Data below:
________________
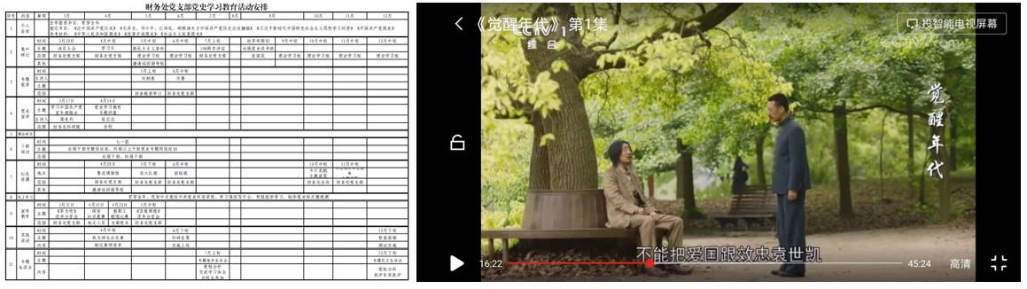 多角度主题研学。支部确定由处级领导班子、支部支委、支部小组长组成财务处党支部理论学习组,规划安排党史学习教育各阶段活动安排。支部理论学习组确定每月开展党史主题学习研讨会,首次集中学习主题为“新民主主义革命的新青年”,重点学习陈独秀、李大钊、毛泽东、鲁迅等一批“五四运动”前后涌现的马克思主义观历史人物事迹。支部鼓励党员同志充分利用“学习强国”平台资源,研习“党史学习”“党史学习教育”“高校党史学习教育”等多个强国专题,观看《觉醒年代》等红色影视作品,深入并客观地了解那段革命年代的红色革命征程。
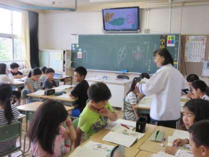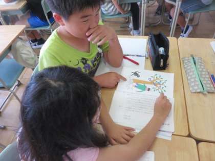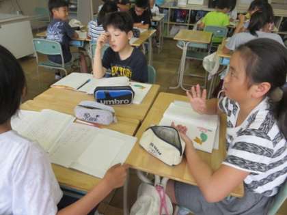 5年生の国語は説明文の学習です。「生き物は円錐形」、変わった題名ですね。先生の指示で、筆者の表現の意図を班ごとに話し合っています。
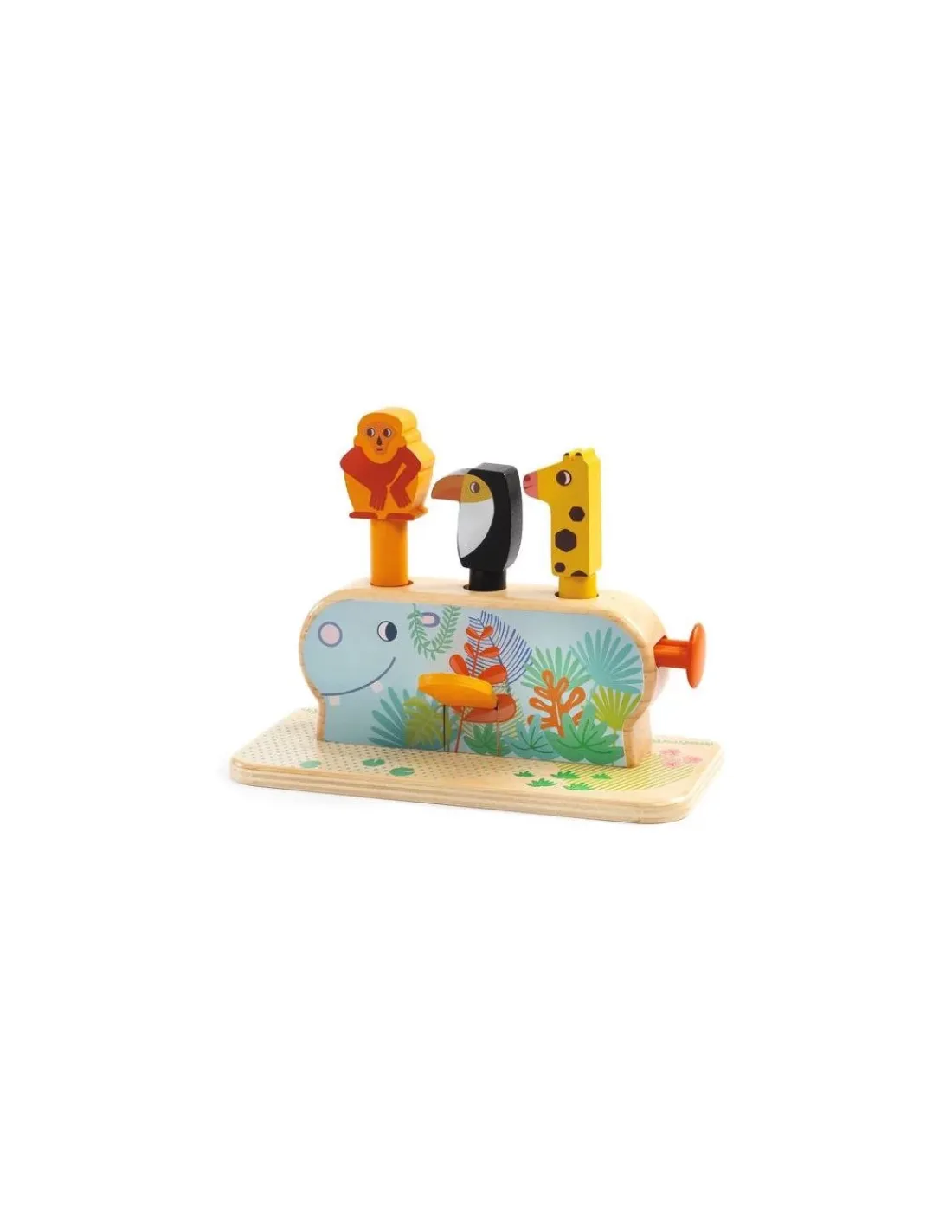 Votre bout de chou va s’amuser à placer les animaux dans les trous, puis à appuyer sur la tête du singe pour le faire bondir, à taper sur le levier pour faire sauter le toucan et à pousser le poussoir pour faire jaillir la girafe. Les sauts des animaux amuseront et feront rire votre bébé et vous allez voir ses yeux s’émerveiller!
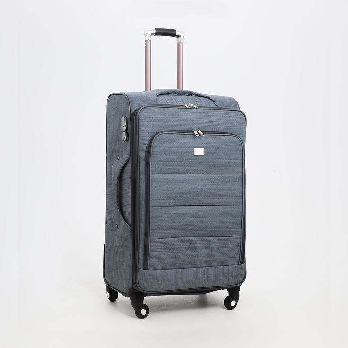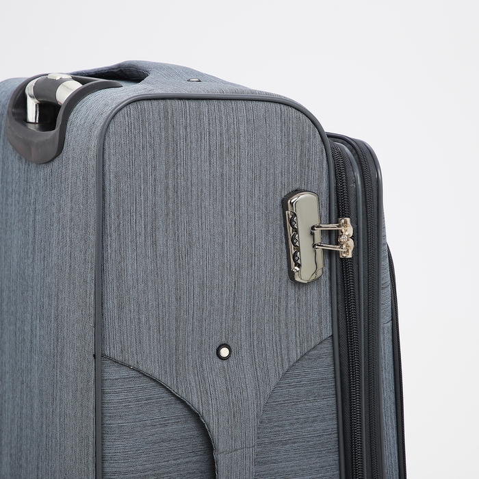 Чемодан большой 95 л (L), отдел на молнии, с расширением, кодовый замок, 4 колеса, наружный карман, цвет серый
________________
Exercise description: The response should be the full material, repeated exactly, with images removed.

Solution to this exercise:
 多角度主题研学。支部确定由处级领导班子、支部支委、支部小组长组成财务处党支部理论学习组,规划安排党史学习教育各阶段活动安排。支部理论学习组确定每月开展党史主题学习研讨会,首次集中学习主题为“新民主主义革命的新青年”,重点学习陈独秀、李大钊、毛泽东、鲁迅等一批“五四运动”前后涌现的马克思主义观历史人物事迹。支部鼓励党员同志充分利用“学习强国”平台资源,研习“党史学习”“党史学习教育”“高校党史学习教育”等多个强国专题,观看《觉醒年代》等红色影视作品,深入并客观地了解那段革命年代的红色革命征程。
 5年生の国語は説明文の学習です。「生き物は円錐形」、変わった題名ですね。先生の指示で、筆者の表現の意図を班ごとに話し合っています。
 Votre bout de chou va s’amuser à placer les animaux dans les trous, puis à appuyer sur la tête du singe pour le faire bondir, à taper sur le levier pour faire sauter le toucan et à pousser le poussoir pour faire jaillir la girafe. Les sauts des animaux amuseront et feront rire votre bébé et vous allez voir ses yeux s’émerveiller!
 Чемодан большой 95 л (L), отдел на молнии, с расширением, кодовый замок, 4 колеса, наружный карман, цвет серый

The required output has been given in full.